Collected material
==================================================

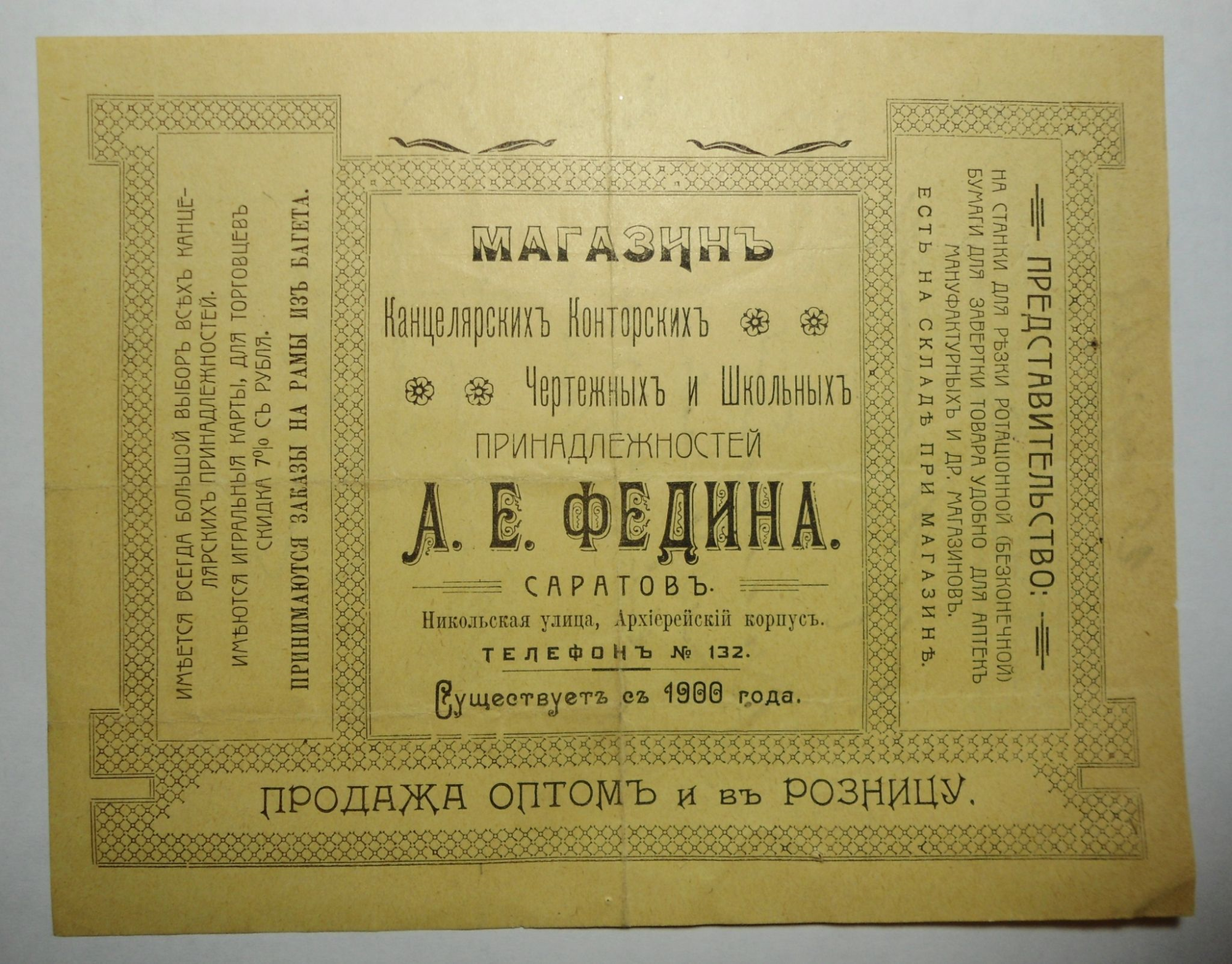 Писче-бумажный магазин А.Е.Федина и В.И.Покровского
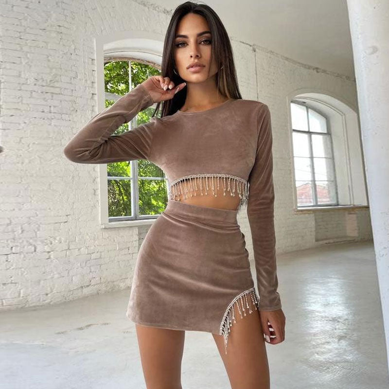 Conjunto de falda corta de terciopelo con flecos y recortes de diamantes de imitación - Caqui
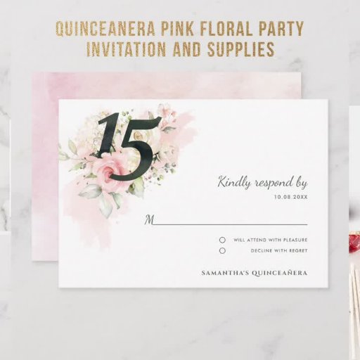 Convite Quinceanera Floral Moderna 15 de Aniversário Rosa
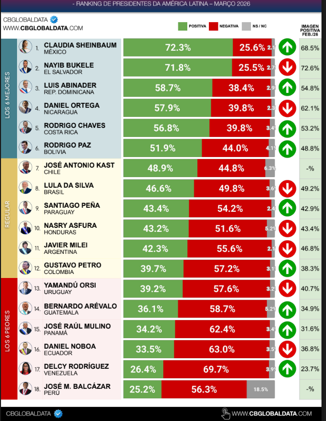 En comparación con febrero de 2026, el Presidente de Bolivia subió un puesto en este ranking, ya que se encontraba en el séptimo lugar con el 48,8% de imagen positiva.

==================================================

What the task asks
Retype, word for word, the line containing "Conjunto de falda" and each line after it through the end of the data, leaving any picture out.

Finished exercise
 Conjunto de falda corta de terciopelo con flecos y recortes de diamantes de imitación - Caqui
 Convite Quinceanera Floral Moderna 15 de Aniversário Rosa
 En comparación con febrero de 2026, el Presidente de Bolivia subió un puesto en este ranking, ya que se encontraba en el séptimo lugar con el 48,8% de imagen positiva.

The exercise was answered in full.